RECORDED INFORMATION:

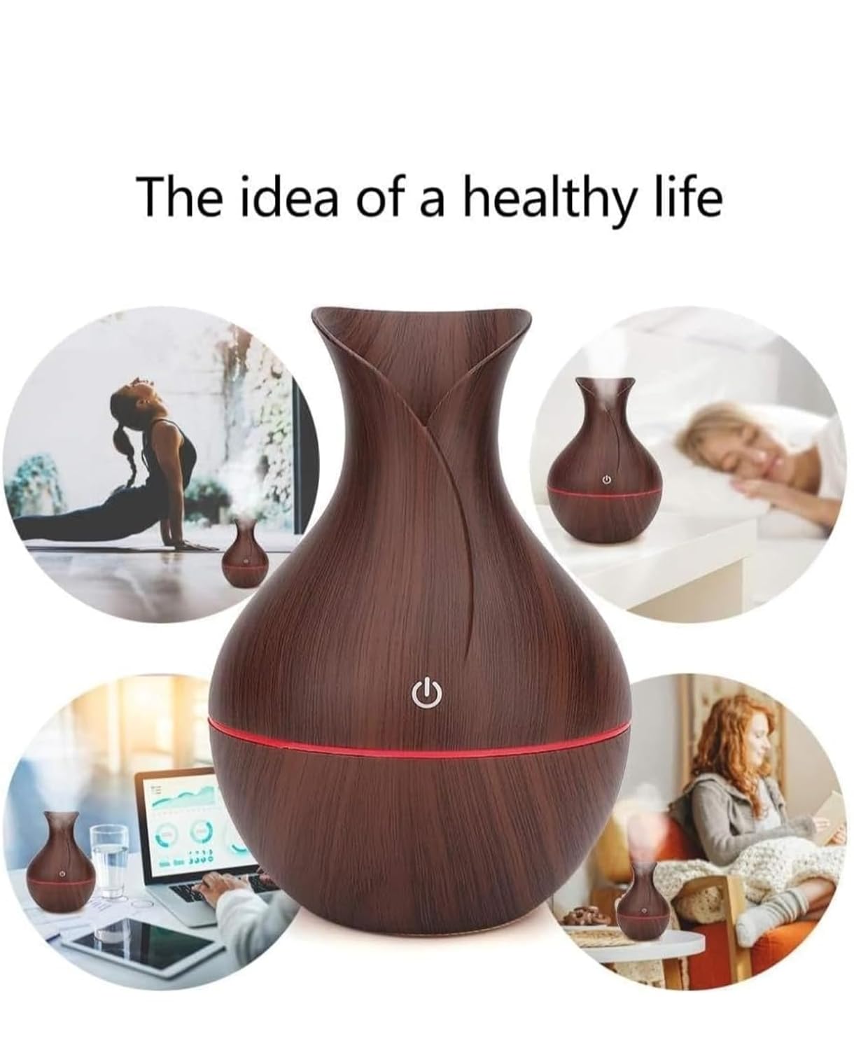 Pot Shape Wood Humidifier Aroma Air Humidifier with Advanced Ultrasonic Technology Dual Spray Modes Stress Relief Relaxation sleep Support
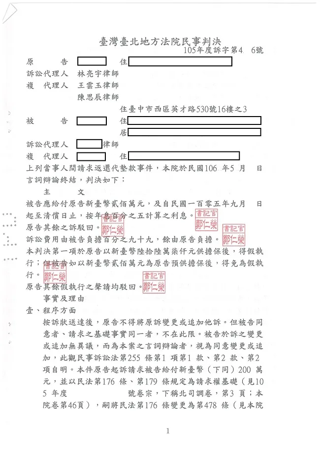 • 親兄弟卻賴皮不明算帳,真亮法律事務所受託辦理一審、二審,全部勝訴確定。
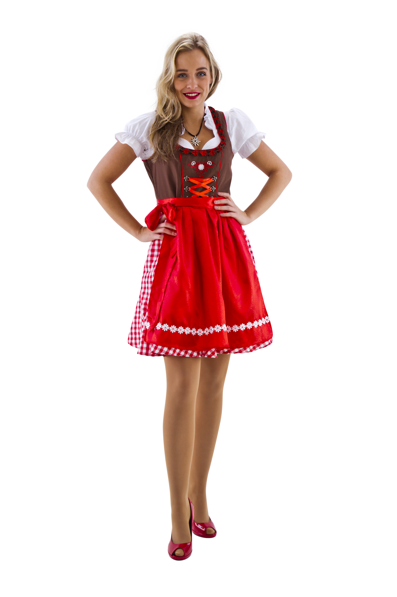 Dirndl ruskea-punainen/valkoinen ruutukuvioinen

PROBLEM DESCRIPTION:
Through to the final line, copy the material above exactly and skip the images.

SOLUTION TO THE EXERCISE:
 Pot Shape Wood Humidifier Aroma Air Humidifier with Advanced Ultrasonic Technology Dual Spray Modes Stress Relief Relaxation sleep Support
 • 親兄弟卻賴皮不明算帳,真亮法律事務所受託辦理一審、二審,全部勝訴確定。
 Dirndl ruskea-punainen/valkoinen ruutukuvioinen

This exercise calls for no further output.